In their book; ‘The Dark Side of the Brain’, the authors explain the history and latest state of the art in energy medicine, notably electromagnetic treatment, from early in the 20th century to-date. In this book the authors reiterate that the body is not only a biochemical mix and balance of fluids and solid material. It is very much also a complex network of electromagnetic impulses, of which balance is affected by environmental, nutritional, and psycho-physical stresses and strains.

We already know that the disturbed Sodium-Potassium cell balance, which is expressed in pain, caused by electromagnetic imbalance, can be reversed and re-balanced by the application of electromagnetism. We also know that electromagnetic disturbance within living organisms can alter their DNA structure, and cause deformity and ill health.

Therefore, just as pain and disease may be caused by electromagnetic disturbance within the body, so it may be reversed by electromagnetic energy.

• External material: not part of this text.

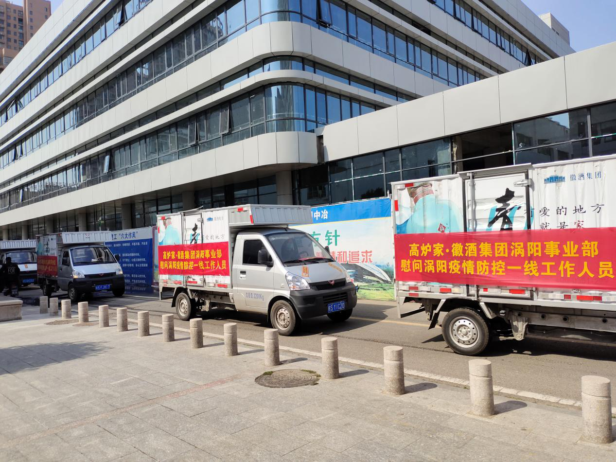 2022年4月2日,徽酒集团涡阳事业部来到我院,对奋战在防疫一线的工作人员表示慰问并捐赠物资支援抗疫。我院党委委员、工会主席韩敏,党委委员、纪委书记栗莉平,党委委员张永强,办公室主任刘强,医务部部长柴林涛等到现场热情接待。

According to Albert Einstein, a gram of matter is equivalent to 24 million kilowatts of energy. Imagine a minute fraction of this energy being excited and channelled in a very subtle way by a 9 volt battery operated electromagnetic generator to stimulate the body to activate its own healing pain-repair mechanisms.
This is done with by Electromagnetic-Crystal therapy, whereby a sealed glass tube filled with saline water and natural quartz crystals, is connected to this portable electromagnetic generator.

Crystals and their therapeutic effects have been known for thousands of years - since ancient Egypt, and were documented on ancient parchments and pyramids. Electromagnetic-Crystal therapy combines ancient wisdom with modern technology.